I have used rye flour as the base of the starter as this usually yields a good start for natural yeast, mixed with warm water. Tomorrow when I feed it I will be using organic stone milled flour rather than blade cut/ground flour.

Fingers crossed this time it will be a success.

The Starter has started!

Baking with Chairman Mao

I love to bake. I mean bake anything. There is just something so satisfying about the whole process.  I did make sourdough bread last weekend, but to be honest, it was a bit crap, however, that will not put me off, and I will keep going until I get it right.  The instructions for the proving overnight in the fridge was good, but the dough collapsed when I was putting it onto the baking sheet.  The other loaf stuck to the banneton as I had used flour rather than rice flour, so that was crap too.  The other thing I had problems with was the heat in the oven. The instructions said for 500f which is mega hot, and as I was cooking it on a stone dish it just seemed to sear and the crust was tough, so tough it could be in the marines.  It was supposed to bake for 20 minutes at 500f then 30 minutes at 450f, again, mega hot.  I have never cooked any bread at this temperature so it would happen that it was cooked on the outside and slightly doughy on the inside.  Not a bad crumb though.  It also didn’t taste like sourdough does, so I think that was the fault of the leaven as it had not bubbled and matured enough.  So now I know or think I know what went wrong I will try again.  I may do a variation too so that I know I can control rather than using the heat of the sun.

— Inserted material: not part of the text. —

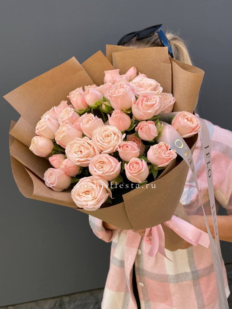 11 пионовидных роз Бомбастик, лента, авторская упаковка.

First go at Sourdough Bread

As mentioned, I love to bake, so here are some photos of my other bakes, successful bakes too LOL

Strawberry Shortcake with Strawberry Coulis
Strawberry Tarts (Pate Sablee) with Chantilly Cream and Passion Fruit
Brioche
Irish Wheaten Bread (Soda)

Baking – Soda Farls

My Hubby is Irish, so many many years ago I learned how to make proper Irish Soda Bread, Wheaten Bread & Soda Farls.  Since winter is well and truly on its way, and it is lashing with rain outside I thought I would make us some.  I thought I would share my recipe and do a show and tell.

Ingredients

  • 250g Plain Flour
  • 1 teaspoon of Baking Soda
  • ½ teaspoon of salt (I use sea salt)
  • 250ml Buttermilk

 

Place all dry ingredients into a bowl and mix.

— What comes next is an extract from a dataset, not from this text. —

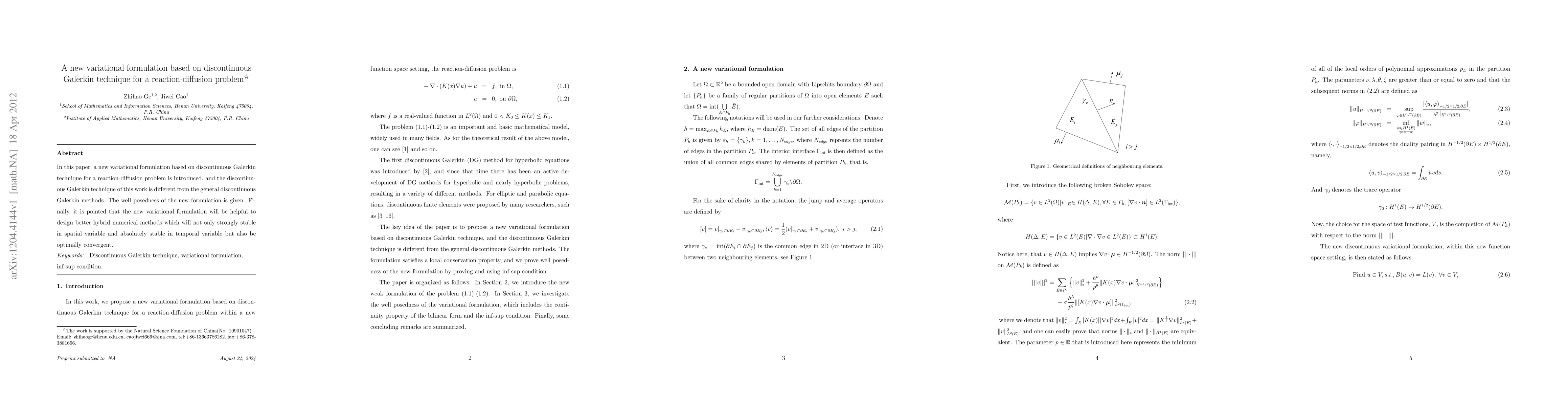 In this paper, a new variational formulation based on discontinuous Galerkin technique for a reaction-diffusion problem is introduced, and the discontinuous Galerkin technique of this work is different from the general discontinuous Galerkin methods. The well posedness of the new formulation is given. Finally, it is pointed that the new variational formulation will be helpful to design better hybrid numerical methods which will not only strongly stable in spatial variable and absolutely stable in temporal variable but also be optimally convergent.

Make a well and add the buttermilk, although do not add it all as you can keep adding whilst mixing rather than make it too wet.

Mix and knead the dough on a floured surface, but be gentle, you really only want to knead it into shape.  Slice a cross into the top with a sharp knife that has been floured.

Pop the farl onto a hot griddle pan, or if you only have a frying pan, that will work nicely, but again, be gentle, don’t go in at too high a temperature or you will end up with a crispy dough ball.  I use a tepanyaki grill plate to make mine and have the temperature about 150c.

Partway through cooking flip it over and cook the other side.

Again flip it over, and tap the base to see if it is cooking, it should make a hollow sound, and if not carry on cooking.

As you can see the farl has split where the score marks were and have browned nicely.  Finally, when you are happy with it, wrap it in a tea cloth and set aside, this will ensure that it finishes off cooking and traps moisture, and makes it chewy, and brings out the subtle soda taste.  I used to use a proper Irish Linnen tea cloth, but alas it bit the dust some time ago.

It should take about 20 minutes to cook through.

Once it has cooled split it into four, then slice through the side horizontally, so you end up with 8 quarters if you cut it all at once.  Toast and enjoy with lashings of butter and a slice of mature cheese like cheddar.  Also delicious with bacon and egg.